Donald Trump declaring he does not need Britain in a war that has already been won sits neatly in that tradition. Apparently the conflict is finished. Victory achieved. No allies required. One imagines someone somewhere is still firing things, but that is presumably just a formality.
History is full of these moments of premature triumph. In 1914 European leaders confidently assured their populations the war would be over by Christmas. They were correct in the sense that there was indeed a Christmas that year. Unfortunately the war carried on through four more of them while Europe industrialised the process of killing young men in muddy fields.
More recently Vladimir Putin appears to have thought Ukraine would be subdued in a matter of weeks. Russian units reportedly carried parade uniforms in their kit for the anticipated victory march in Kyiv. Several years on the war is still grinding away and the parade uniforms remain, one assumes, folded neatly in a warehouse somewhere next to a depressing collection of destroyed armour.
The pattern is familiar because the mistake is familiar. The first phase of a war is usually the easy bit. Armies advance, governments fall, maps get redrawn on television graphics. The hard part begins afterwards when the defeated side declines to accept the script and starts fighting back in awkward and unpredictable ways. Iraq in 2003 was “won” in about three weeks. The unpleasant business that followed lasted years and cost rather more than the original celebration suggested.
Which makes Trump’s remark less a piece of military analysis and more a familiar bit of political theatre. It sounds decisive. It sounds strong. It has the comforting simplicity of a boxing match where someone has already been knocked out.

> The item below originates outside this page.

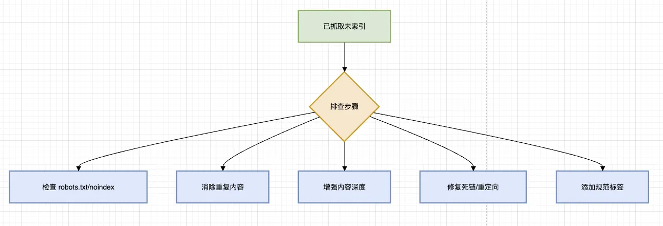 | 主要原因 | 爬虫优先级低、新页面 | 内容质量问题、技术性拦截 |

There is also the small matter of how alliances actually work. If you genuinely want allies in a conflict, there is usually a bit of groundwork involved. Decades of it, in fact. Cooperation, shared intelligence, joint planning, bases, training exercises, and the occasional polite effort not to insult them in public. The United States has historically been extremely good at this. NATO did not appear out of thin air. Neither did the Five Eyes intelligence network or the dense web of military cooperation with countries like Britain.
Trump’s approach has tended to be rather different. Allies are freeloaders. NATO is a protection racket. Trade wars with partners are a useful negotiating tactic. The general tone is that alliances are rather like golf club memberships that should be cancelled if the annual fee looks a bit high.

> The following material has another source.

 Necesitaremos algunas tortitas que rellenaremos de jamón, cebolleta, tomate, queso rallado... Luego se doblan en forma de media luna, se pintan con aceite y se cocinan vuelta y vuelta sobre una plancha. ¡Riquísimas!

Which makes the current complaint faintly comic. If you spend years telling your allies they are unnecessary, unreliable, or ripping you off, you should not be terribly shocked if they appear slightly less eager when the shooting starts. Allies are not something you summon like room service. His transactional view of diplomacy has worked against him - spectacularly.
Still, declaring victory early does have its advantages. It saves the awkward business of planning the next phase, the one where the war inconveniently refuses to behave like a press release.
And if events later suggest the war was not quite finished after all, there will always be another press conference explaining that victory had technically already happened and reality simply failed to notice.